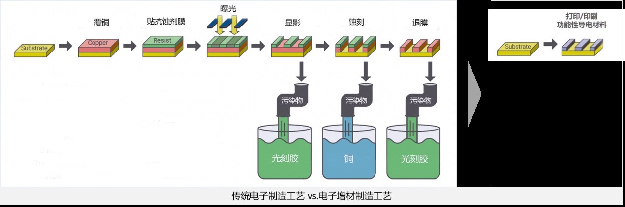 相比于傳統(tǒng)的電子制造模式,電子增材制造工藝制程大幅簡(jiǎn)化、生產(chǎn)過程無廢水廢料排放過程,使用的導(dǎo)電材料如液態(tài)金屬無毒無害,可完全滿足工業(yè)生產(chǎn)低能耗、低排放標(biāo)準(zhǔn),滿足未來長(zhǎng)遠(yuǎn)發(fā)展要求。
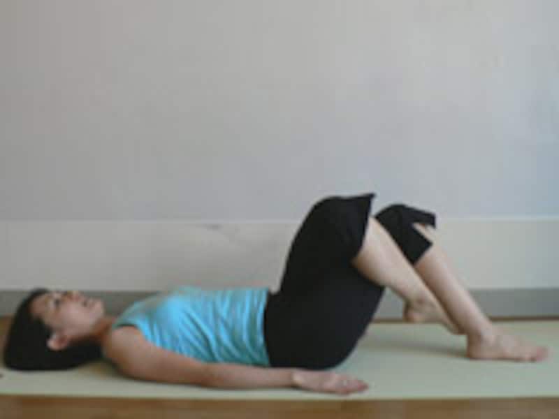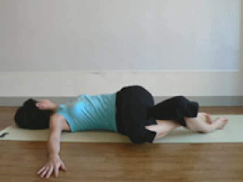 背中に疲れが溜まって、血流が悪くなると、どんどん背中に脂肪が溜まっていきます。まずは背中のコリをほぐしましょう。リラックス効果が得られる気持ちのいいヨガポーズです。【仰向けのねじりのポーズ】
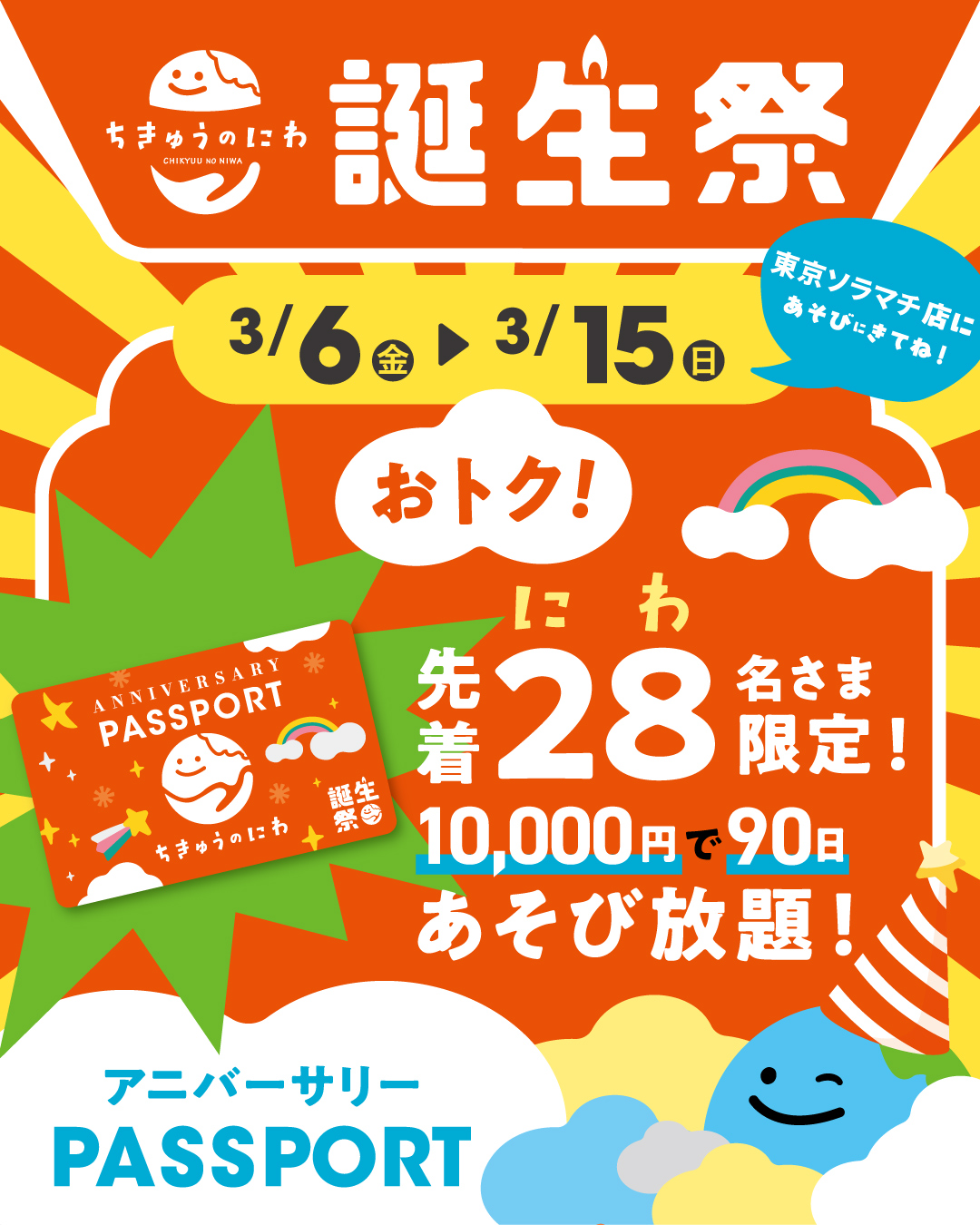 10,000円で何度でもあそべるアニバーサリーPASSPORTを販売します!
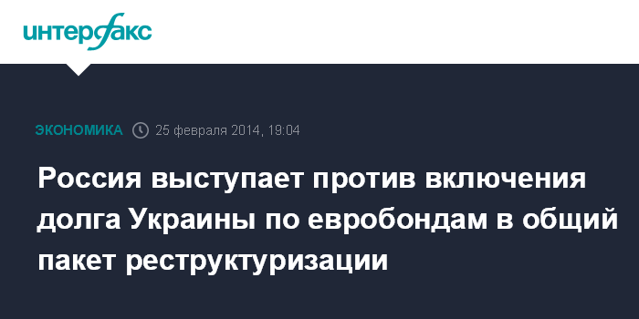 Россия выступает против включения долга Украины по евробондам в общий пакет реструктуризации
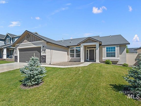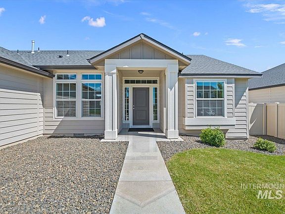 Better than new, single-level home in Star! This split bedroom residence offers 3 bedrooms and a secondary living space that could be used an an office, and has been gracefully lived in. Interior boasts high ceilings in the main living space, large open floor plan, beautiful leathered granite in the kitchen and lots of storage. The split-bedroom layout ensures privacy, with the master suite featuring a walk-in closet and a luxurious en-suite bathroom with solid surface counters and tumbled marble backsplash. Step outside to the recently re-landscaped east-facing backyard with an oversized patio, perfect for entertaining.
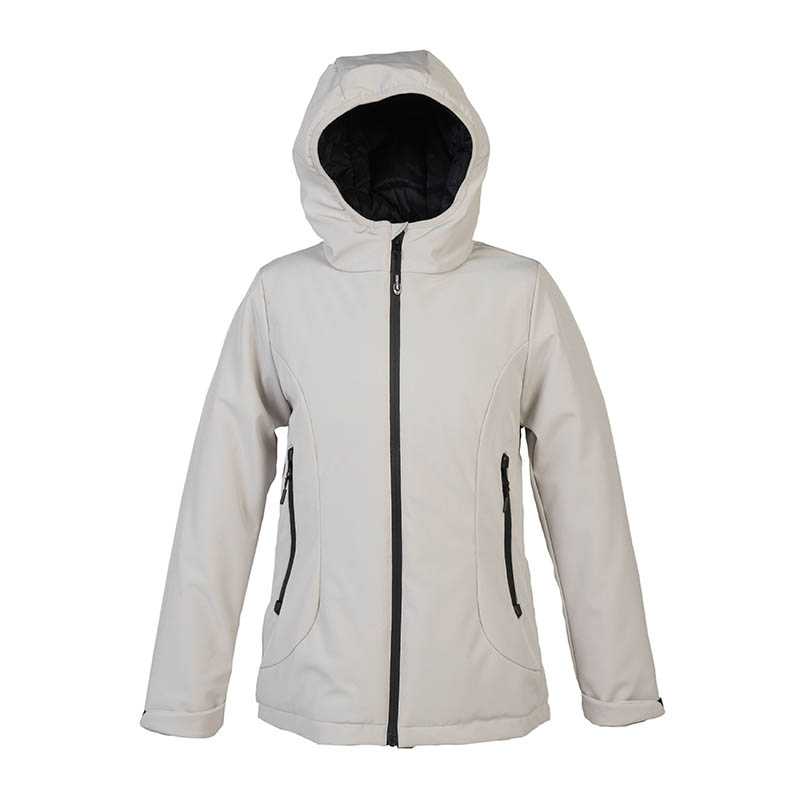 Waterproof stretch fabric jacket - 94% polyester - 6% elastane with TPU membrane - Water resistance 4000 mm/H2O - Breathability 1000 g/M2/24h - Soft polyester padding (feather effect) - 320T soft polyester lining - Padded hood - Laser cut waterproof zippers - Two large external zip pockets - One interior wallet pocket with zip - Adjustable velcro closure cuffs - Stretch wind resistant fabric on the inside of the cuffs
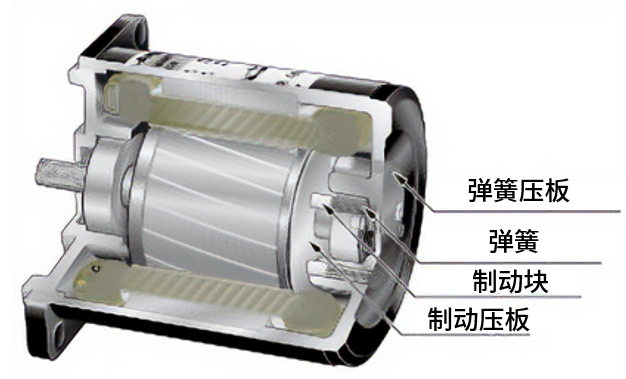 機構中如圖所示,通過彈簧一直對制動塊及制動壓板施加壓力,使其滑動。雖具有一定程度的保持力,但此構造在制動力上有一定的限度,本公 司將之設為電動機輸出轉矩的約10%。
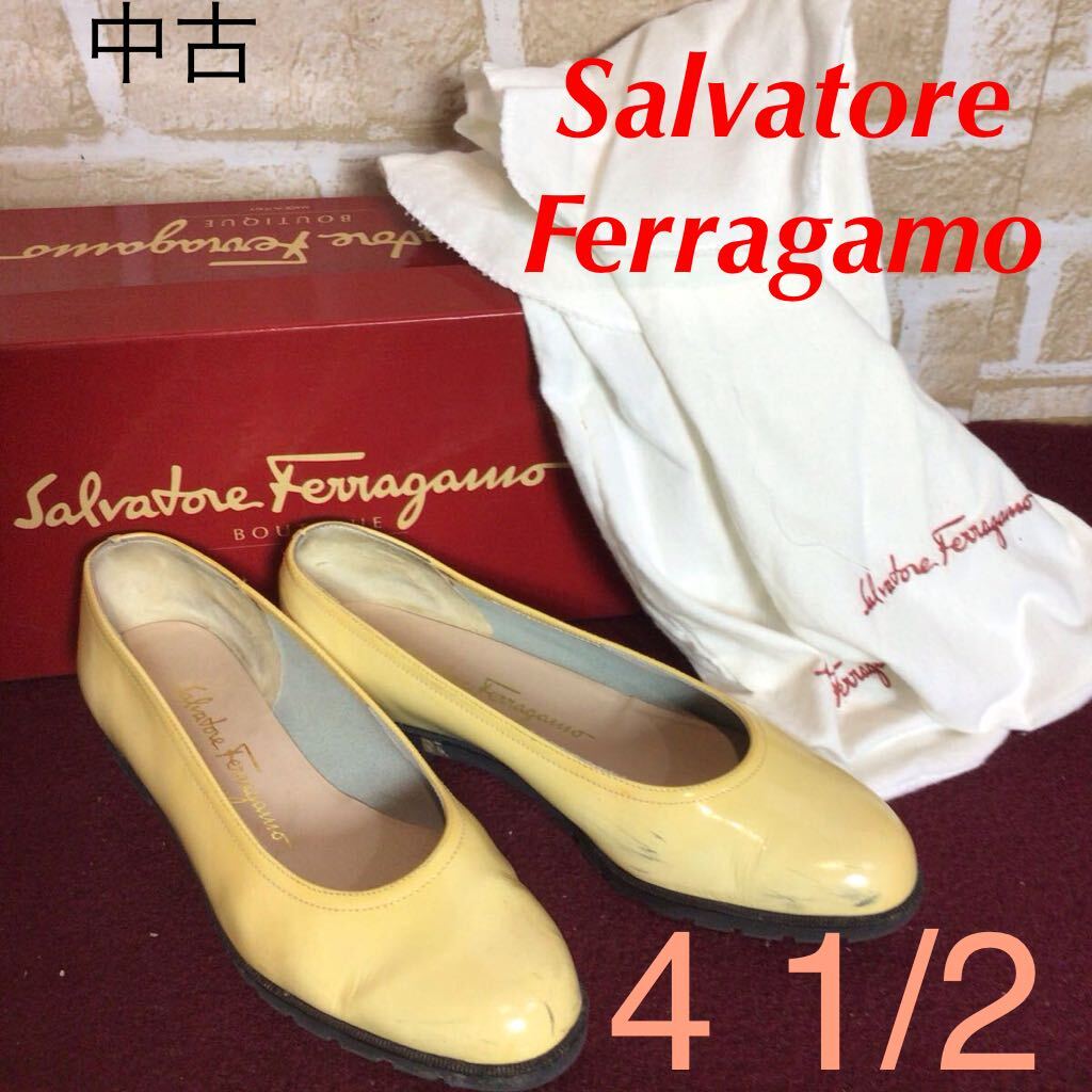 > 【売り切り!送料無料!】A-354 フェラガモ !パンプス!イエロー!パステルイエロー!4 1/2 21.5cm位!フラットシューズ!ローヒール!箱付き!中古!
****
§ Assignment: This task calls for restating, word for word, each line from the line holding "Россия выступает против" through the end of the material, pictures left out.

§ Response area:
 Россия выступает против включения долга Украины по евробондам в общий пакет реструктуризации
 Better than new, single-level home in Star! This split bedroom residence offers 3 bedrooms and a secondary living space that could be used an an office, and has been gracefully lived in. Interior boasts high ceilings in the main living space, large open floor plan, beautiful leathered granite in the kitchen and lots of storage. The split-bedroom layout ensures privacy, with the master suite featuring a walk-in closet and a luxurious en-suite bathroom with solid surface counters and tumbled marble backsplash. Step outside to the recently re-landscaped east-facing backyard with an oversized patio, perfect for entertaining.
 Waterproof stretch fabric jacket - 94% polyester - 6% elastane with TPU membrane - Water resistance 4000 mm/H2O - Breathability 1000 g/M2/24h - Soft polyester padding (feather effect) - 320T soft polyester lining - Padded hood - Laser cut waterproof zippers - Two large external zip pockets - One interior wallet pocket with zip - Adjustable velcro closure cuffs - Stretch wind resistant fabric on the inside of the cuffs
 機構中如圖所示,通過彈簧一直對制動塊及制動壓板施加壓力,使其滑動。雖具有一定程度的保持力,但此構造在制動力上有一定的限度,本公 司將之設為電動機輸出轉矩的約10%。
 > 【売り切り!送料無料!】A-354 フェラガモ !パンプス!イエロー!パステルイエロー!4 1/2 21.5cm位!フラットシューズ!ローヒール!箱付き!中古!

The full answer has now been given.